However I do find myself really missing schools of tiny fish, shrimps, lil catfishes, all those creatures that add movement. It's a big shame there arne't any tiny native fish to fill the gap, so I'm hoping with the amount of livefood I'm feeding them that they might breed and it's not too late in the season! I still have that 100cm tank in the back of my mind, I'm currently in negotiations about whether I could set it up as a lowtech SA community. Hmm, we'll see!











​


----------



## seedoubleyou (5 Jul 2022)

Looking forward to the bowl Rosie.


----------



## The Miniaturist (5 Jul 2022)

Love it, absolutely beautiful with such excellent photography.
*BUT *where are the kitten photos!!


----------



## tam (5 Jul 2022)

It looks amazing! I love all the detail in the mix of plants. 

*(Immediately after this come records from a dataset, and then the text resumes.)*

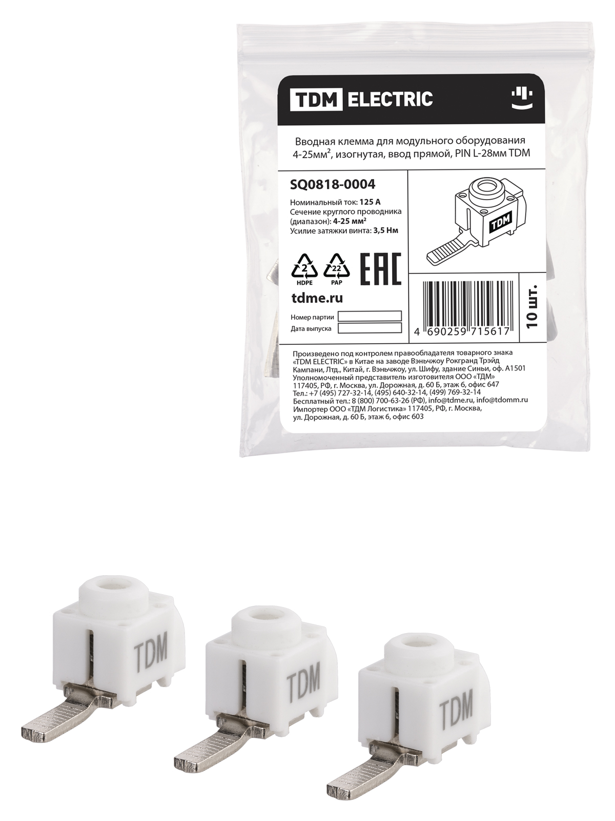 Наименование: Вводная клемма для модульного оборудования 4-25мм?, изогнутая, ввод прямой, PIN L-28мм TDM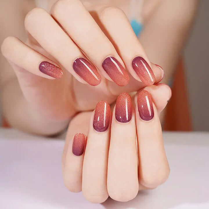Moon Beam es una manicura de gel inspirada en la magia de un atardecer espacial. Combina un vibrante coral con un malva profundo, creando un impresionante efecto degradado (Ombré) realzado por un brillo magnético que se mueve con la luz.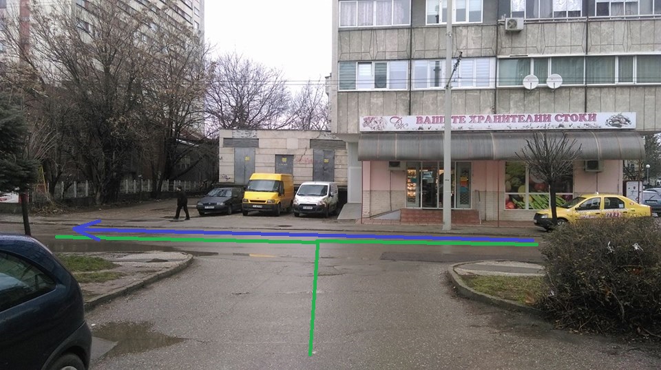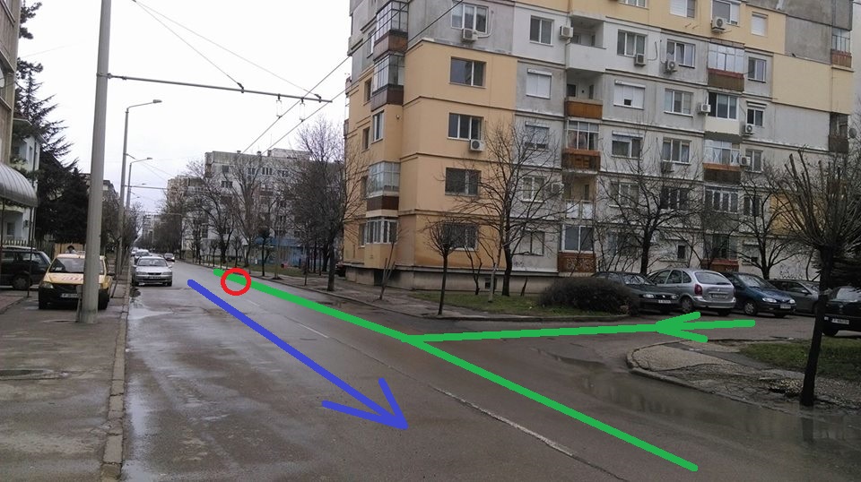 Втората снимка: Улицата със синята линия е еднопосочна, като това от погледа от снимка едно няма как да се разбере. Никакъв знак, никаква маркировка. Нищо. Завилия на дясно по зелената линия се блъска с идващ по синята линия около червения кръг.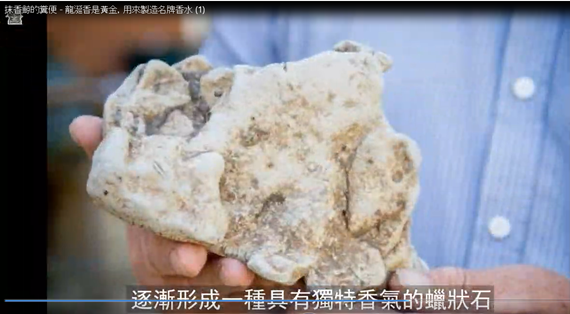 偶爾會有些難以消化的固體物質(zhì)進(jìn)入抹香鯨的腸道并隨著腸道的蠕動進(jìn)入直腸,與糞便混合并使糞便結(jié)成半固體狀。因?yàn)槟ㄏ泠L的正常糞便是液態(tài)的,它的肛門也不能排出固態(tài)的糞便,這些半固體狀會堵塞直腸,導(dǎo)致排便困難。為了使排便恢復(fù)暢通,它只好加強(qiáng)了腸壁對糞便中水分的重吸收,使阻塞物體積縮小,并透過腸道蠕動使其表面變得光滑,形成糞石。這樣一來,液態(tài)的糞便就能通過阻塞物和直腸壁的空隙排出了。但阻塞物就像一個(gè)小水壩,截留了糞液帶來的新的固體物,于是糞石越裹越大,并在抹香鯨的腸道中經(jīng)過細(xì)菌和各種酶的復(fù)雜加工,最終形成龍涎香。大約100頭抹香鯨中,只有一頭體內(nèi)有龍涎香。雖然糞石本身對抹香鯨沒有太大的危害,但如果長得太大,就可能使腸壁破裂,最終導(dǎo)致抹香鯨的死亡。1914年,就有一位捕鯨人在抹香鯨腸道中發(fā)現(xiàn)過一塊重達(dá)455公斤的龍涎香。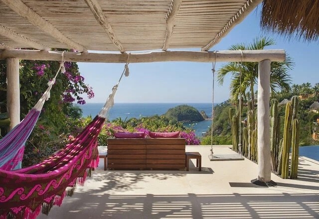 Perched above the untamed coastline of Jalisco, Mexico. Casa Dragón offers a serene private retreat where open, sculptural spaces flow seamlessly into panoramic Pacific coastline vistas. Terraces, shaded palapas, and a heated infinity pool shape a setting of understated elegance, with evenings unfolding between Playa Rosa’s golden light and the villa’s secluded tranquility.

Would some other native critters help with the movement you are missing - I'm sure they would pick off some but perhaps snails, asellus? I'm not sure what's bigger but not a threat to fish beetle wise.


----------



## shangman (8 Jul 2022)

seedoubleyou said:


> Looking forward to the bowl Rosie.


Thanks!! I’ve get set it up and I’m so excited, will make a journal for it this week. Sneaky peak… set up yesterday and already gone green from the sun 😂 






The Miniaturist said:


> Love it, absolutely beautiful with such excellent photography.
> *BUT *where are the kitten photos!!


I knew someone would notice I was being lazy not adding a few pics 😂 they’re 12 weeks old, still small but they look quite big in pics! First 2 are them now, third is when we first saw them at 8 weeks.  We’re all OBSESSED they’re  SO CUTE. 









tam said:


> It looks amazing! I love all the detail in the mix of plants.
> 
> Would some other native critters help with the movement you are missing - I'm sure they would pick off some but perhaps snails, asellus? I'm not sure what's bigger but not a threat to fish beetle wise.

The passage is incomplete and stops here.